We accessed all databases between 14 December 2019 to 31 May 2020.

We also created and advertised a project webpage (https://www.tanyalatty.com/citizen-science) and accepted sightings via a dedicated email address (africancarderbeeproject@gmail.com). Sightings collected through direct email (14 sightings) were required to have exchangeable image file format (EXIF) metadata containing location coordinates or, location coordinates obtained through google earth or a compass app.
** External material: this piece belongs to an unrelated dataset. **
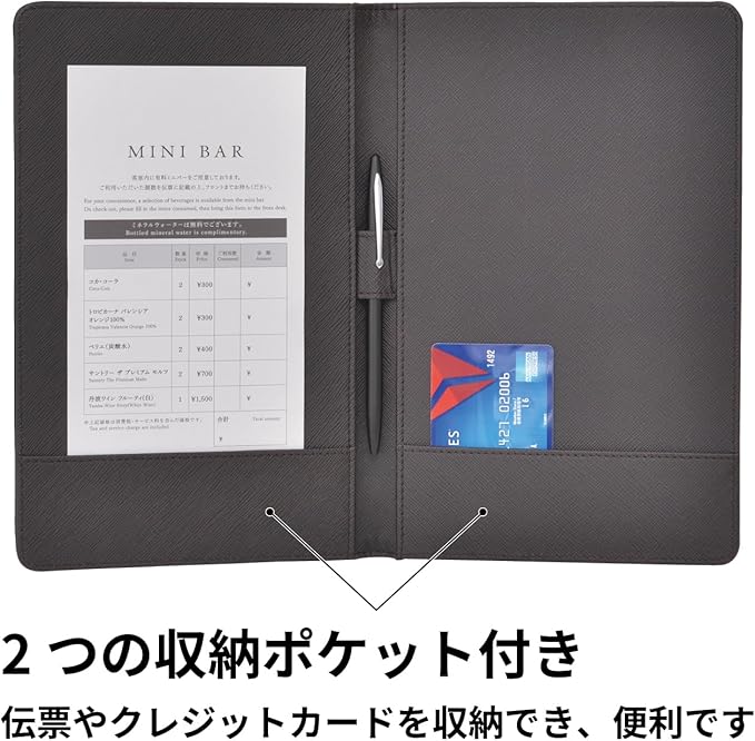 高級感のあるレザー調のスリムでコンパクトな伝票ホルダーです。耐久性に優れた高品質の素材を使用し、長期間の使用に耐えうる頑丈な作りとなっています。スタイリッシュでシンプルなデザインは、どんな場面でも上品な印象を与えます。フロントやレストラン、ミニバーなどの伝票ホルダーとしてご利用いただけます。

All sightings of P. repetitum were verified by Dart. Pseudoanthidium repetitum is easily distinguished from other Megachilidae present in Australia due to distinct integumental markings on the abdomen identifiable in images; native Megachilids have bands composed of fur, rather than tegument (Fig. 1). Only verified sightings were included in the final analysis. All sighting records included the location in latitude and longitude using World Geodetic System 1984 (WGS84), the date of sighting, family of flower/plant being visited and the behaviour displayed at the flower/plant.

Fig. 1
figure 1

a Shows the abdomen of a native Megachilid bee. Note that the light coloured bands consist of hairs, b the abdomen of a P. repetitum. Note that the light coloured bands are made from integument, rather than hair

Contact with museums and state government agencies as part of data collection resulted in the identification of four new specimens in a donated collection at the CSIRO Australian National Insect Collection, from Boonah, Queensland, March 2000. Unfortunately, these particular samples did not contain accurate coordinate information and were therefore not included in modelling. The specimens have since been catalogued (accession numbers at the Australian National Insect Collection for two females: 32-153860, 32-153861; two males: 32-153862, 32-153863).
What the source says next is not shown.